··· Source material

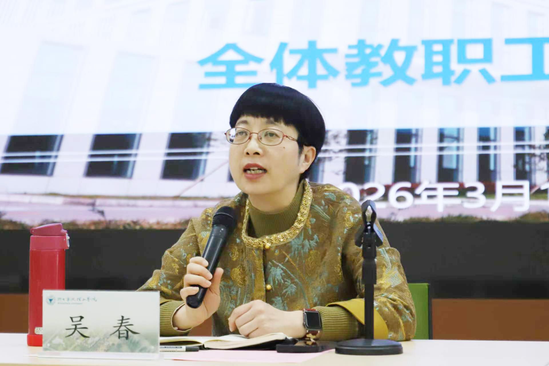 在听取各部门下一步工作计划后,吴春提出三点要求:一是认清形势、抢抓机遇,增强工作前瞻性与主动性,积极谋篇布局、主动出击,牢牢把握发展主动权;二是聚焦目标、明晰路径,细化工作举措、压实工作责任,推动各项工作提质升效;三是鼓足干劲、凝聚合力,上下同心、真抓实干,形成推动学院高质量发展的整体合力。吴春强调,要坚守底线思维,从严从细抓好安全稳定各项工作,切实筑牢安全防线,为学院事业持续健康发展提供坚实保障。
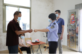 庄敬民(右一)一行送达新办的身份证
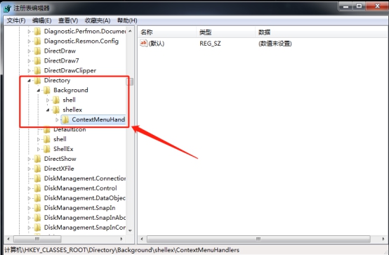 再依次找到并打开“Directory”文件夹、“Background”文件夹、“Shellex”文件夹以及“ContextMenuHandlers”文件夹。
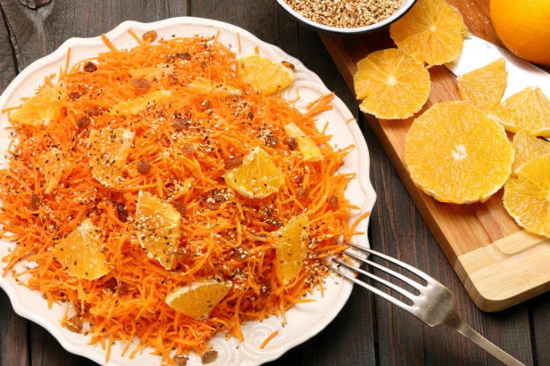 Ralla una zanahoria y luna manzana, agrega rodajas de naranja peladas, un puñado de nueces y pasas. Sal al gusto, vierte aceite vegetal y una cucharada de miel. Revuelve, deja reposar por 10 minutos.
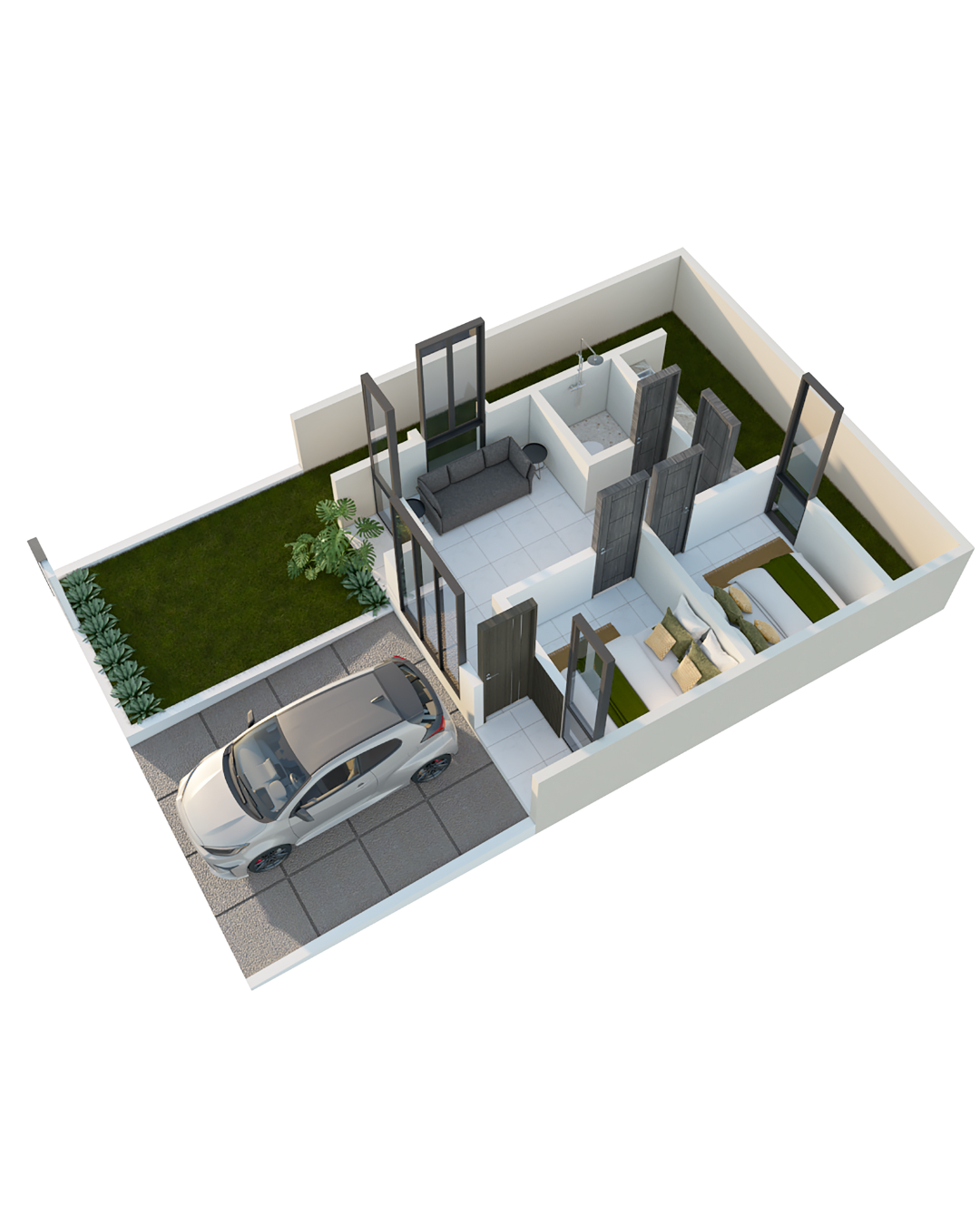 Kusen: Aluminium. Pintu Utama: Panel Engineering. Pintu Kamar: Taewood. Pintu Kamar Mandi: PVC. Lantai: Geranite Tile 60x60

······

* [What is being asked]:
Write every record out again exactly, omitting the pictures they hold.

* [Answer box]:
 在听取各部门下一步工作计划后,吴春提出三点要求:一是认清形势、抢抓机遇,增强工作前瞻性与主动性,积极谋篇布局、主动出击,牢牢把握发展主动权;二是聚焦目标、明晰路径,细化工作举措、压实工作责任,推动各项工作提质升效;三是鼓足干劲、凝聚合力,上下同心、真抓实干,形成推动学院高质量发展的整体合力。吴春强调,要坚守底线思维,从严从细抓好安全稳定各项工作,切实筑牢安全防线,为学院事业持续健康发展提供坚实保障。
 庄敬民(右一)一行送达新办的身份证
 再依次找到并打开“Directory”文件夹、“Background”文件夹、“Shellex”文件夹以及“ContextMenuHandlers”文件夹。
 Ralla una zanahoria y luna manzana, agrega rodajas de naranja peladas, un puñado de nueces y pasas. Sal al gusto, vierte aceite vegetal y una cucharada de miel. Revuelve, deja reposar por 10 minutos.
 Kusen: Aluminium. Pintu Utama: Panel Engineering. Pintu Kamar: Taewood. Pintu Kamar Mandi: PVC. Lantai: Geranite Tile 60x60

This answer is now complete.